(Relato de ficción. Cualquier semejanza con la realidad es pura coincidencia)
-Che, parece que tenemos dos despechados- dijo el oficial Ramírez mientras señalaba el cuerpo de Walter Santana que yacía sobre la alfombra de cuero de vaca.
El perito de criminalística que trabajaba sobre el cadáver, asintió con la cabeza.
-¿Y viste la cocina?
-Sí, lindísima, ¿sabés el tuco que te hago ahí, no?- acotó el facultativo quizás motivado por la sangre que se escurría del pecho del occiso.
-¿Le ponés carne al tuco?- preguntó Ramírez mientras se agachaba buscando cierta complicidad y atendiendo a la labor forense. Era su primer asesinato y la ansiedad se entremezclaba con los nervios, la utópica ilusión de resolver el caso esa misma noche y su afición a la gastronomía.
Desde la puerta de entrada asomó una voz ronca, envuelta en el humo de un cigarrillo que jugaba a pender del labio inferior y acompañaba el silabeo con su movimiento.

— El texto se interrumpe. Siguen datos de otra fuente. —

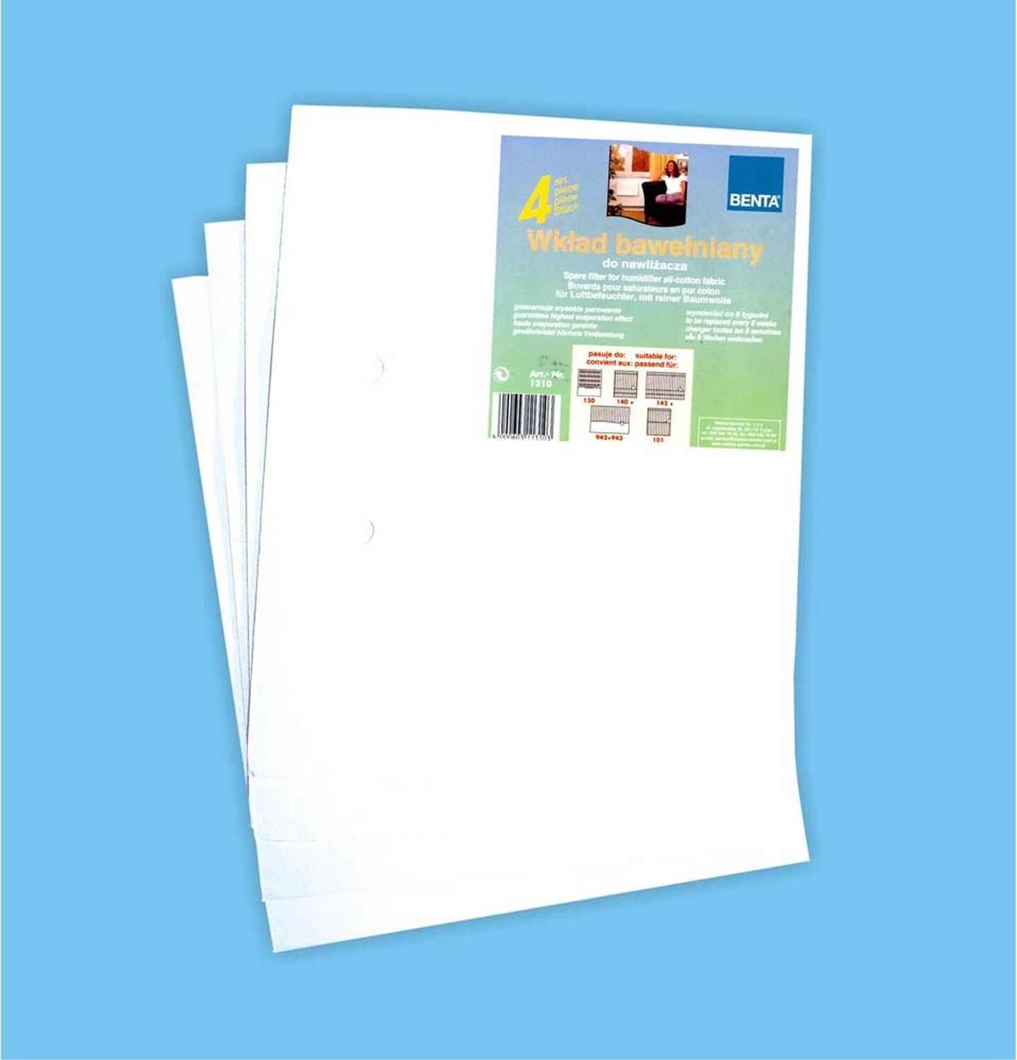 WKŁAD / FILTR 1310 DO NAWILŻACZA 942, 111 I INNYCH FIRMY METROX DAWNIEJ BENTA CECHY TOWARU Wymiary: 32,5 x 25 cm Ilość: 4 sztuki OPIS wkład do nawilżaczy powietrza, umożliwia uzyskanie wilgotności względnej powietrza 40-60 %, specjalna kubatura wkładu umożliwia bardzo wydajne parowanie, należy wymieniać co 4 - 6 tygodni, pasuje do nawilżaczy: nr 110, 111, 140, 141, 142, 143, 942, 943, ilość w opakowaniu: 4 sztuki, kolor: biały, materiał: PE-LD, UWAGI Aktualnie wkłady są produkowane z czystej celulozy. Wcześniej znajdowały się w nich niewielkie ilości włókien bawełny ale zostało to zmienione przez producenta i w taki sposób uzasadnione: Materiał produkowany jest tylko i wyłącznie z czystych włókien celulozowych i w warunkach produkcji dla papierów do bezpośredniego kontaktu z żywnością oraz bibuł laboratoryjnych w związku z czym finalny produkt nie zawiera żadnych pleśni, grzybów i drobnoustrojów. W JAKIM CELU NAWILŻAMY? W sezonie grzewczym wilgotność powietrza w naszych mieszkaniach czy domach może spaść nawet do 10%, Niewłaściwy poziom wilgotności skutkuje tym, że śluzówka nosa, która chroni przed wirusami i bakteriami, staje się nadmiernie wysuszona, Nawilżacze powietrza przywracają dobre samopoczucie w ogrzewanych pomieszczeniach w czasie zimy, Optymalny poziom nawilżenia wynosi 40-55% co jest optymalną wielkością dla naszego zdrowia. DODATKOWE INFORMACJE Specjalna kapilarna struktura wkładu umożliwia bardzo wydajne parowanie. Z upływem czasu kurz z powietrza oraz kamień z wody osadzają się na wkładzie. Nie wygląda to ładnie ale nie szkodzi Państwu zdrowiu. W celu osiągnięcia optymalnej wydajności parowania, należy codziennie dolewać wodę a filtr / wkłady należy wymieniać co 4 - 6 tygodni dla zapewnienia prawidłowego działania nawilżacza. PRODUKT POLSKI Kupując polskie produkty, wspierasz polską gospodarkę i tworzysz nowe miejsca pracy!

-¿Ramírez me podés decir qué mierda pasó acá?- La inconfundible voz imperativa de Soria atravesaba el living junto con sus ciento dos kilos de colesterol, cebados con pizza de garrón, que se desplazaban más rápido de lo que la cinemática podría explicar.
El oficial permanecía agachado junto al cuerpo sin vida y así se mantuvo como si el peso de la autoridad o la intimidante anatomía de su jefe lo contuvieran física y verbalmente.
-¡La concha de tu hermana, Ramírez, hablá!
-¡Sí, mi comisario! Le presento a Walter Santana-
Soria saludó al perito con un cabezazo y repreguntó -¿Y el nombre del occiso?-
-Walter Santana, mi comisario-
-Pero ¿vos sos pelotudo? Son las 4 am, me despertó el intendente del barrio desesperado que tenía un problemita, me pidió que mantengamos la reserva y tengo a todo el periodismo en la puerta, entro y encuentro un cadáver en el living…
-¡Son, dos mi Comisario!-, interrumpió el joven oficial. Y después de ponerse de pie, desplegó una libretita espiralada con anotaciones y prosiguió: -Walter Santana, 32 años, vecino del barrio, amante de Luciana Baigorria, 52 años, la dueña de casa que se encuentra descansando arriba.
– ¿Y el otro muerto?, inquirió Soria.
– ¡Luciana Baigorria, mi comisario!
– ¿No me dijiste que descansa arriba?
– Sí, mi Comisario, descansa en paz.
– ¡La puta que te parió, Ramírez! ¡Otra de tus jodas y te meto en el calabozo!
– Perdón, mi Comisario. Ambos con herida de escopeta. Éste en el pecho y la señora en la espalda, aparentemente intentaba escapar porque el marido los agarró infraganti mientras tomaban champagne en pelotas.
– ¿Ah, fue el marido?
– Sí, mi comisario, ya lo interceptó la seguridad del barrio y está en la comisaría declarando.
Las palabras de Ramírez actuaron como un bálsamo en el corpulento comisario. Tener al asesino le facilitaba enormemente su trabajo y le posibilitaba encarar a la prensa con la seguridad del caso resuelto. Soria se relajó. Se sentó el sofá blanco y rojo como si tratara del estampado natural de la tela. Sacó un cigarrillo del bolsillo de la camisa y lo prendió con la parsimonia de quien se dispone a disfrutarlo. Si hubiera estado en la cama, podría pensarse que acababa de echarse un polvo de esos mágicos. La sonrisa le inundaba la cara. Se estiró hasta la mesita ratona y sacó la botella de Pommery de la frapera con la misma esperanza del que espera la última bolilla para completar el cartón de bingo.
-¡Bingo!, expresó al ver que la botella todavía tenía un resto e inmediatamente impartió su última orden: -Ramírez, alcánzame una copa limpia. Es un crimen desperdiciar este champagne-.